* [Recorded data]:
= Beginning of Section =
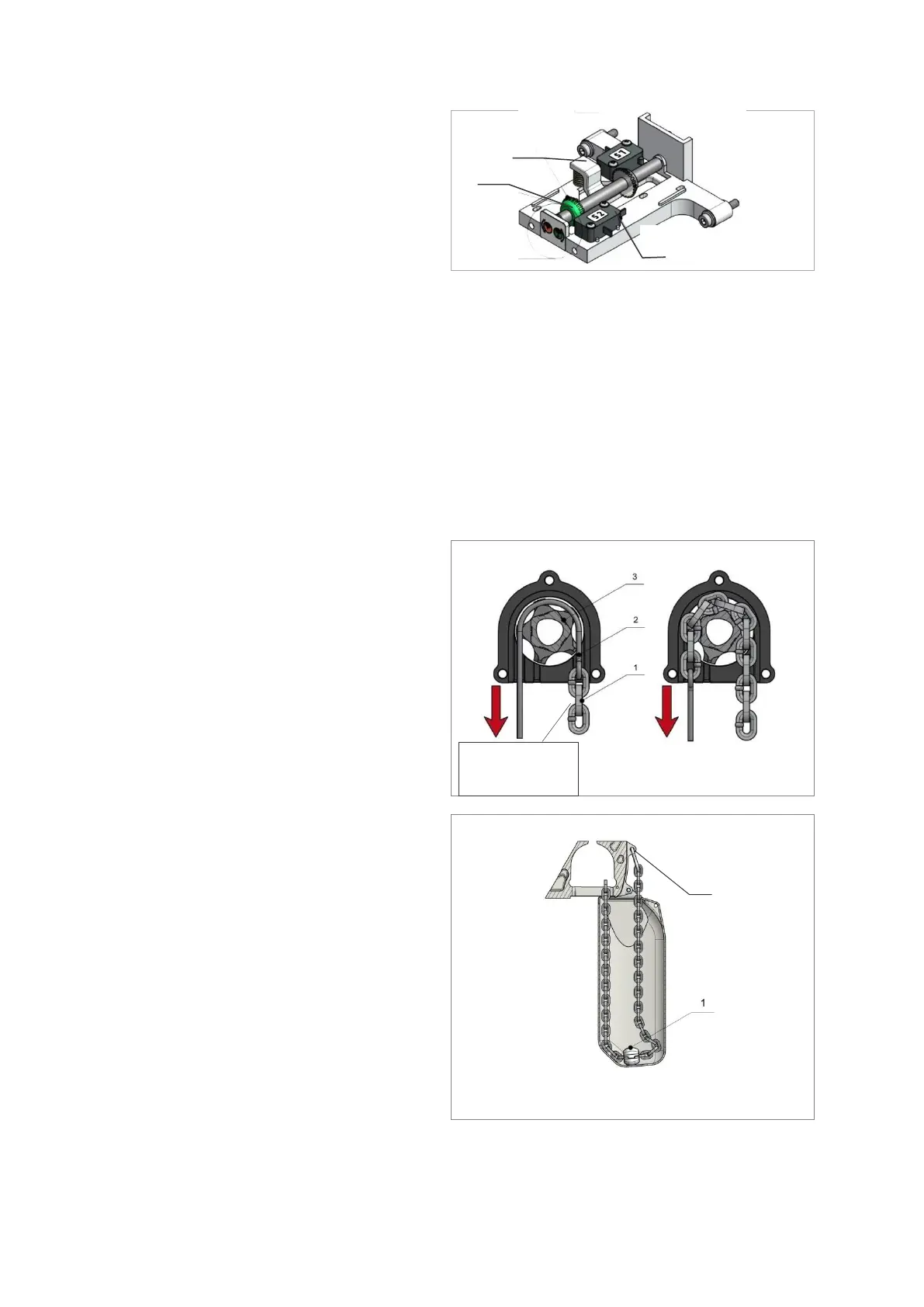 2. Pull in the chain (1) using short switching
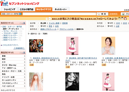 セブンネットショッピングが目指すのは、「ソーシャルコマース」だ。1月18日に行ったサイトのリニューアルでは、ユーザーが自分のお気に入りの商品の紹介や評価を掲載する口コミ投稿サービス「みんなのクチコミ」を強化した。新たに100名程度の有名人を加え、また「芸能・スポーツ・専門家」「メーカー・生産者」「金融・保険業」「主婦・主夫」「教育・学生」など、業種別の分類から自分と似た人を見つけやすくした。こうした機能によって、「この人が推薦している本を読みたい」「同じモノを使ってみたい」といった共感や“つながり感”から生まれる購買意欲の掘り起こしを狙う。
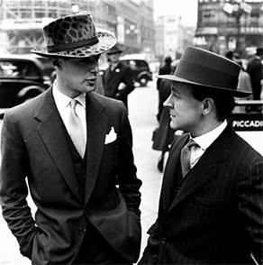 외투로는 부드러운 셔츠와 더블로 여미는 박스형태의 오버코트가 유행하였고 레인코트가 처음 등장하였다. 바지는 커프스가 있는 좁은 바지를 발목뼈 위로 짧게 입어 양말과 구두가 드러나는데, 다이아몬드 무늬가 든 아길 양말에 구두끈이 있고, 윗부분은 색이 다른 가죽으로 씌운 옥스퍼드(Oxford)나 발등 부분에 술이 달린 로퍼(loafer)를 신었다.
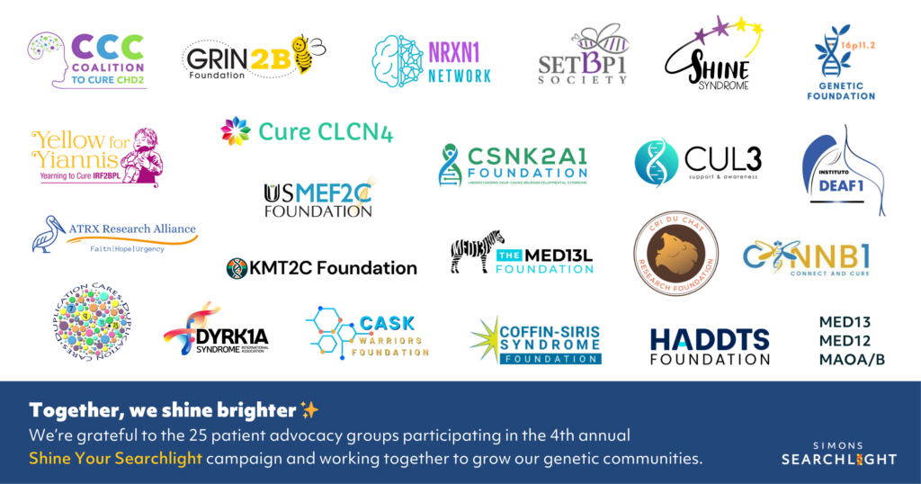 Shine Your Searchlight is a collaborative outreach campaign designed to support individuals, families, and caregivers affected by rare genetic neurodevelopmental conditions—while strengthening long-term research participation across the Simons Searchlight community. This year’s campaign is made possible through partnership with 25 patient advocacy groups (PAGs) who are helping share clear, accessible messaging and trusted resources with their communities.
= End of Section =
* [Required work]:
Take the lines from the one holding "외투로는 부드러운 셔츠와" through the final line of the listing above and copy them exactly, both ends included, with no pictures.

* [Exercise solution]:
 외투로는 부드러운 셔츠와 더블로 여미는 박스형태의 오버코트가 유행하였고 레인코트가 처음 등장하였다. 바지는 커프스가 있는 좁은 바지를 발목뼈 위로 짧게 입어 양말과 구두가 드러나는데, 다이아몬드 무늬가 든 아길 양말에 구두끈이 있고, 윗부분은 색이 다른 가죽으로 씌운 옥스퍼드(Oxford)나 발등 부분에 술이 달린 로퍼(loafer)를 신었다.
 Shine Your Searchlight is a collaborative outreach campaign designed to support individuals, families, and caregivers affected by rare genetic neurodevelopmental conditions—while strengthening long-term research participation across the Simons Searchlight community. This year’s campaign is made possible through partnership with 25 patient advocacy groups (PAGs) who are helping share clear, accessible messaging and trusted resources with their communities.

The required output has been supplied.